Understand Nicole, but in SAR it is a team effort, so while some try to undermine confidence and set parameters, you ultimately have to be the judge of you and your dogs capabilities and stand by your convictions... Hard, but necessary


----------



## Howard Knauf

Hot tracks for PSDs are in the 15-30 minute range. Seeing as bad guys will find safe harbor or transportation in that period of time, we are forced to rush the track. The sooner we get started the better. I've had one successful 90 minute track but in all fairness I had a blood trail to start the track. I've tried to stretch my set times but realistically it is a waste of time for a PSD...that is why I concentrate on hard surface tracking primarily because I work in an urban/suburban enviroment. I also concentrate on discrimination tracks as there are many times multiple offenders so we try to catch the figurative big fish so the dog needs to be able to put on a target and stay on it. 

Still...I'm getting a kick out of this SAR info.\\/


----------



## Sarah Platts

Howard Knauf said:


> I had a blood trail to start the track.


BTW, I'm not sure science has figured it out yet, but trailing handlers have learned that blood is scent specific.


----------



## Nicole Stark

Sarah, what exactly do you mean by that? I read it and though, of course it is but I would like to know if you have any particulars or if you were referring to something specific?


----------



## Sarah Platts

you use the actual blood as a scent article to scent the dog on for the trail. For a cadaver dog, it's considered generic human material. When you use it like a scent article in trailing work then it's specific to that person.


----------



## Howard Knauf

Sarah Platts said:


> you use the actual blood as a scent article to scent the dog on for the trail. For a cadaver dog, it's considered generic human material. When you use it like a scent article in trailing work then it's specific to that person.

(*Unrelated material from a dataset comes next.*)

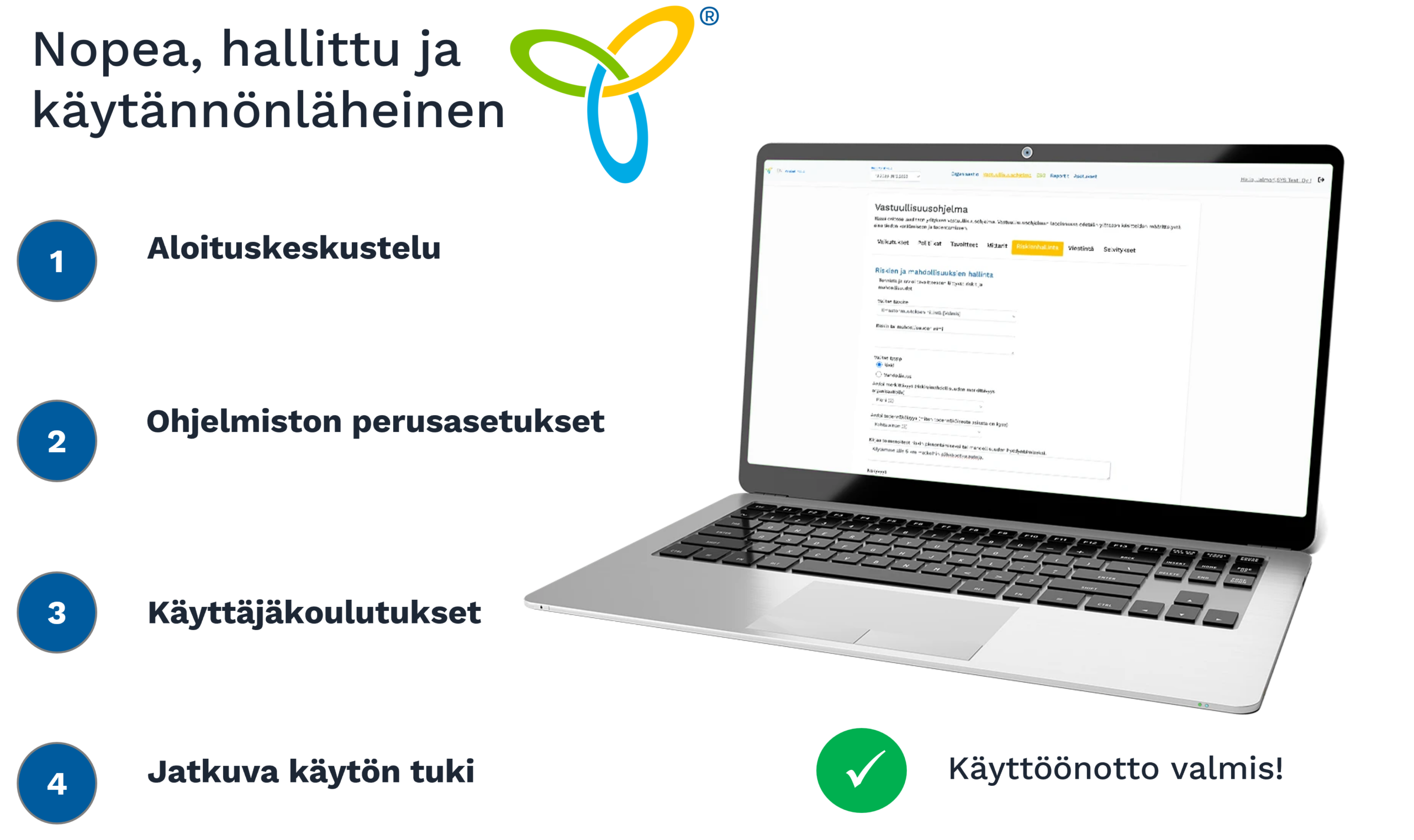 SYS on suunniteltu käyttäjäystävälliseksi ja helposti käyttöönotettavaksi. Ohjelmisto ohjaa tekemistä selkeästi vaihe vaiheelta, eikä edellytä aiempaa kokemusta johtamisjärjestelmistä tai vastuullisuusraportoinnista.
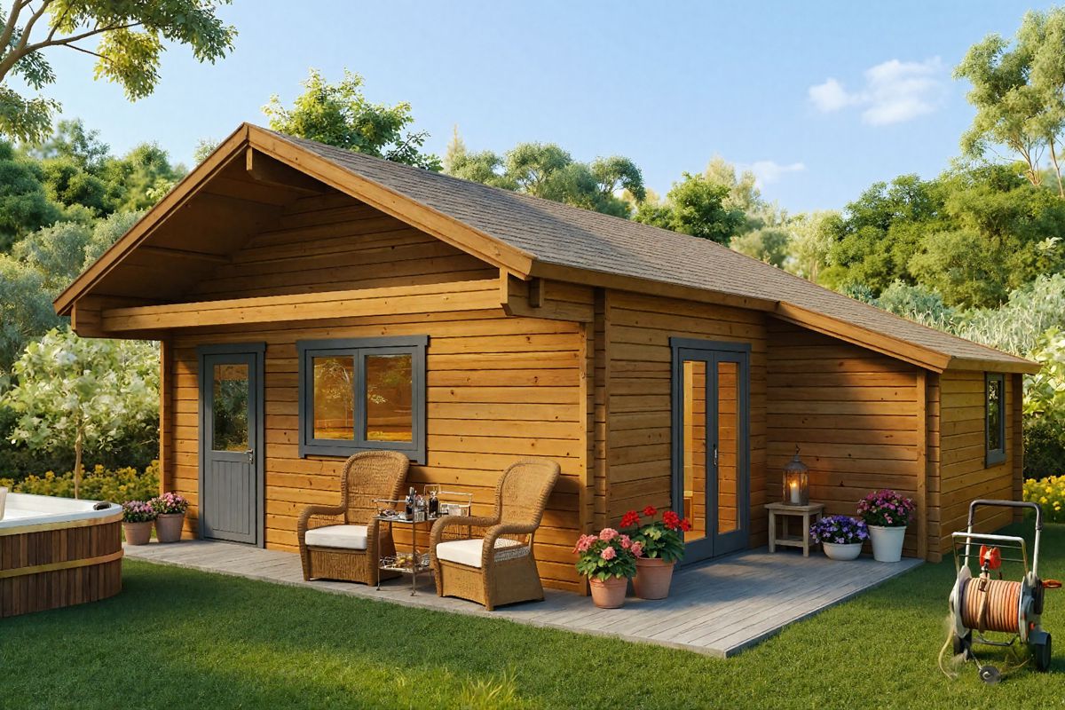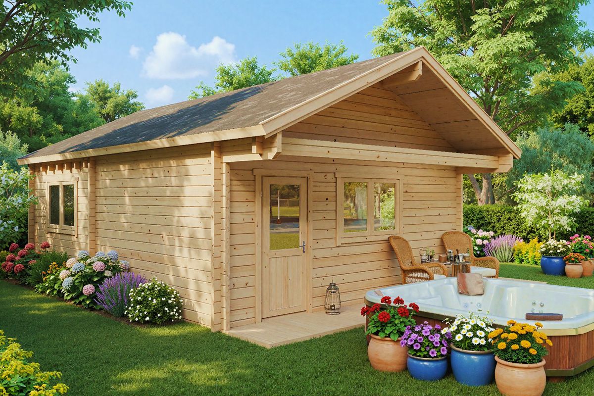 Das Holzhaus Dallas verfügt im 42 m² großen Erdgeschoss über zwei Schlafzimmer, ein geräumiges Badezimmer und einen Wohn- sowie Essbereich. Ein Schlafboden mit einer Größe von 5 × 3 m bietet zusätzlichen Platz zum Schlafen oder als Lagerfläche. Im Standard-Set sind 70 mm starke Wände, Türen und Fenster aus Sicherheitsglas und mit dem Kipp- und Drehsystem von Roto, Metall-Sturmleisten in allen vier Ecken, 28 mm starke Bodenbretter sowie 94 mm dicke, vorimprägnierte Fundamentbohlen enthalten. Um das Gartenhaus das ganze Jahr über nutzen zu können, empfehlen wir den Einbau eines Heizsystems und unser zusätzliches Isolationsset für Dach und Fußboden.

 Exactly. The blood as a scent article is no biggie...until the track is contaminated by other humans. There were numerous pedestrians who had been on the suspects flight path prior to my arrival. The dog had to form a scent picture with the blood/suspect odor...AND contaminating odors of pedestrians. The amazing thing is that he banked the odors and was able to put the puzzle together to stay on a target only he could figure out. Just blows my mind. Mind you, the track wasn't a pretty sight and I just held on for the ride. There was a lot of investigating of the cross tracks etc until he could determine what pieces went where. As we got further from the scene the track tightened up because all the lookie loos were close to the crime scene mainly.


----------



## sefi sahar

very intresting terminology . we have no such terms here. just fresh tracks and older tracks. 

we do have names for fresher tracks and tracks that the personal scent whare off but still have difrrent ground press scent in the foot prints and the other way arround. i dont know how they translate to english.
it is great reading you all.


----------



## Sarah Platts

Sefi,

What are the terms you use in your language? And the definition in your language. Don't convert to English.

thanks


----------



## sefi sahar

Sarah you mean how we write them or what they sounds like?


----------



## Nicole Stark

Safi, write it exactly as you would in your own language. Not in English.


----------



## sefi sahar

its ????? ???? and ????? ??????


----------



## sefi sahar

grrr the forum do not support my languge (hebrew). the first sounds like " ikvot hamra" ikvot means tracks the other word is from arabic and means femin red it also a nick name in my languge (hebrew) of certain red kind of soil but i doubt its the right meanning. the other one is sounds like "ikvot shufot" which could means something like "drifted tracks" again i doubt if its the right translation nor meanning.


----------



## Bob Scott

Selfi s it possible your talking about ground and vegetation disturbance?

In sport "tracking" that is often a big element in starting a new pup or dog but quite possible used in trailing also.


----------



## sefi sahar

hi bob 
its not exactly just about ground disterbances this terms referd to extreme gaps in 
ratio difrences between ground disterbances smell and human personal smell.
i hope i explain it right.


----------



## Bob Scott

Makes more sense!


----------